Original Research Article Budget Optimization for Cervical Cancer Prevention
Background: Screening and vaccination against human papillomavirus (HPV) can protect against cervical cancer. Neither alone can provide 100% protection. Consequently it raises the important question about the most efficient combination of screening at specified time intervals and vaccination to prevent cervical cancer.
Objective: Our objective was to identify the mix of cervical cancer prevention strategies (screening and/or vaccination against HPV) that achieves maximum reduction in cancer cases within a fixed budget.
Methods: We assessed the optimal mix of strategies for the prevention of cervical cancer using an optimization program. The evaluation used two models. One was a Markov cohort model used as the evaluation model to estimate the costs and outcomes of 52 different prevention strategies. The other was an optimization model in which the results of each prevention strategy of the previous model were entered as input data. The latter model determined the combination of the different prevention options to minimize cervical cancer under budget, screening coverage and vaccination coverage constraints.
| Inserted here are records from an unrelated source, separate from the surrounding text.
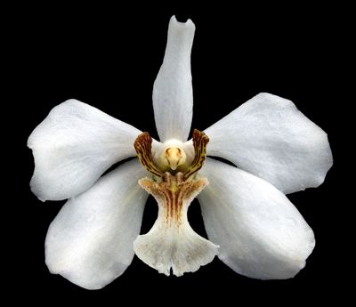 This orchid is related to both V javeriae and V roeblingiana but differs from both of these by the coriaceous [not stiff] leaves, the large curved side lobes of the lip that rise above and around the column, the color of the side lobes which is a white exterior with an deep red brown interior, the fimbriate mid-lobe apex, the non-fragrant flowers, the white, faintly spotted red sepal and petal color and the 2 ridges and 2 horns of the lip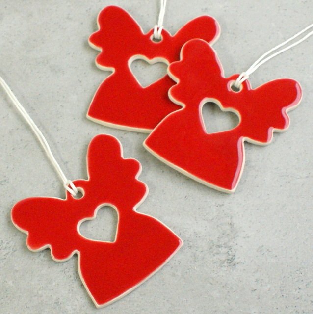 Zestaw 6 ceramicznych zawieszek - aniołków i bombek. Doskonała świąteczna ozdoba choinki, stroika albo paczki z prezentem. Ozdoby wykonane z białej gliny, pokryte przepięknymi błyszczącymi szkliwami w kolorze czerwonym. Wymiary - ok. 6 cm. Polecam.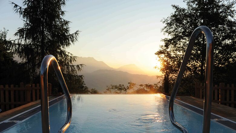 Ein weiteres Outdoor‐Highlight ist zudem der neue Panorama‐Schwebe‐Whirlpool. 12 Personen finden bei 35 Grad Wassertemperatur Platz, um die spektakuläre Aussicht vom Dachstein über den Grimming bis hin zum Ennstal zu genießen. Die besondere Bauweise – nämlich direkt in den Hang gebaut – gibt Badegästen das Gefühl förmlich im Wasser über der umliegenden Umgebung zu schweben. Frontal und ohne Blickgrenzen eröffnet sich einem das ganze Ennstal vor Augen.
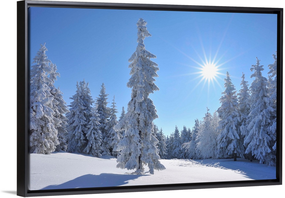 <p>Snow covered Conifer Trees with Sun, Winter, Grosser Beerberg, Suhl, Thuringia, Germany</p>

We applied the model in two countries with different healthcare organizations, epidemiology, screening practices, resource settings and treatment costs: the UK and Brazil. 100 000 women aged 12 years and above across the whole population over a 1-year period at steady state were included.
The intervention was papanicolaou (Pap) smear screening programmes and/or vaccination against HPV with the bivalent HPV 16/18 vaccine (Cervarix® [Cervarix is a registered trademark of the GlaxoSmithKline group of companies]). The main outcome measures were optimal distribution of the population between different interventions (screening, vaccination, screening plus vaccination and no screening or vaccination) with the resulting number of cervical cancer and associated costs.
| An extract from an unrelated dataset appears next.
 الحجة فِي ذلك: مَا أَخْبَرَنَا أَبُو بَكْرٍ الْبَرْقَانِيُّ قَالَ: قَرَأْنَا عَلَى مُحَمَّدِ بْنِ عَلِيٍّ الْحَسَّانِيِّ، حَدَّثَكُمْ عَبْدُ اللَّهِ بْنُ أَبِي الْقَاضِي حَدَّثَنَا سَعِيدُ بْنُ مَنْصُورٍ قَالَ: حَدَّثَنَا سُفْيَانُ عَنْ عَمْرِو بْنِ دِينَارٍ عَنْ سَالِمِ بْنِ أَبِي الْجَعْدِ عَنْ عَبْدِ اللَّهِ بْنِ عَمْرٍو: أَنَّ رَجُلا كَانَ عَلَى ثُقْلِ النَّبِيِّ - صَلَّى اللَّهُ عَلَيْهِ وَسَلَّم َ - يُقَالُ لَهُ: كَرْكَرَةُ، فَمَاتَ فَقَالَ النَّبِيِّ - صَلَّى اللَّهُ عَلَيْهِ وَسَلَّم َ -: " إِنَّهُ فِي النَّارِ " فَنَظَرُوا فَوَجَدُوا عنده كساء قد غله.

Results: In the base-case analysis (= same budget as today), the optimal prevention strategy would be, after introducing vaccination with a coverage rate of 80% in girls aged 12 years and retaining screening coverage at pre-vaccination levels (65% in the UK, 50% in Brazil), to increase the screening interval to 6 years (from 3) in the UK and to 5 years (from 3) in Brazil. This would result in a reduction of cervical cancer by 41% in the UK and by 54% in Brazil from pre-vaccination levels with no budget increase. Sensitivity analysis shows that vaccination alone at 80% coverage with no screening would achieve a cervical cancer reduction rate of 20% in the UK and 43% in Brazil compared with the pre-vaccination situation with a budget reduction of 30% and 14%, respectively. In both countries, the sharp reduction in cervical cancer is seen when the vaccine coverage rate exceeds the maximum screening coverage rate, or when screening coverage rate exceeds the maximum vaccine coverage rate, while maintaining the budget. As with any model, there are limitations to the value of predictions depending upon the assumptions made in each model.
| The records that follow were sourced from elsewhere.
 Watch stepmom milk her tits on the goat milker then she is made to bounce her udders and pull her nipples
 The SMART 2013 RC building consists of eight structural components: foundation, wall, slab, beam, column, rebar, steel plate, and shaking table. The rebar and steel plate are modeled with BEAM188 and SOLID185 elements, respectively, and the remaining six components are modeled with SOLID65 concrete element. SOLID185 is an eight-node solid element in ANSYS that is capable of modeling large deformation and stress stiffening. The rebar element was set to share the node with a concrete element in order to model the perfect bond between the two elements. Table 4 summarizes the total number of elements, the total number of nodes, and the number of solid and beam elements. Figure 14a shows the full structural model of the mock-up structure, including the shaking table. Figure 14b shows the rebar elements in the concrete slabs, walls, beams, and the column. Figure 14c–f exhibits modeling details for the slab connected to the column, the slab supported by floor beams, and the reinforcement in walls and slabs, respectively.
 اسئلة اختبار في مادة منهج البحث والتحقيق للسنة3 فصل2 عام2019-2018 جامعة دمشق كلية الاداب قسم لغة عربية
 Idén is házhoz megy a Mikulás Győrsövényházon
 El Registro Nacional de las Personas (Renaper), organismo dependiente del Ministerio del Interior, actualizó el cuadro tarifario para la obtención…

Conclusions: Spending the same budget that was used for screening and treatment of cervical cancer in the pre-vaccination era, results of the optimization program show that it would be possible to substantially reduce the number of cases by implementing an optimal combination of HPV vaccination (80% coverage) and screening at pre-vaccination coverage (65% UK, 50% Brazil) while extending the screening interval to every 6 years in the UK and 5 years in Brazil.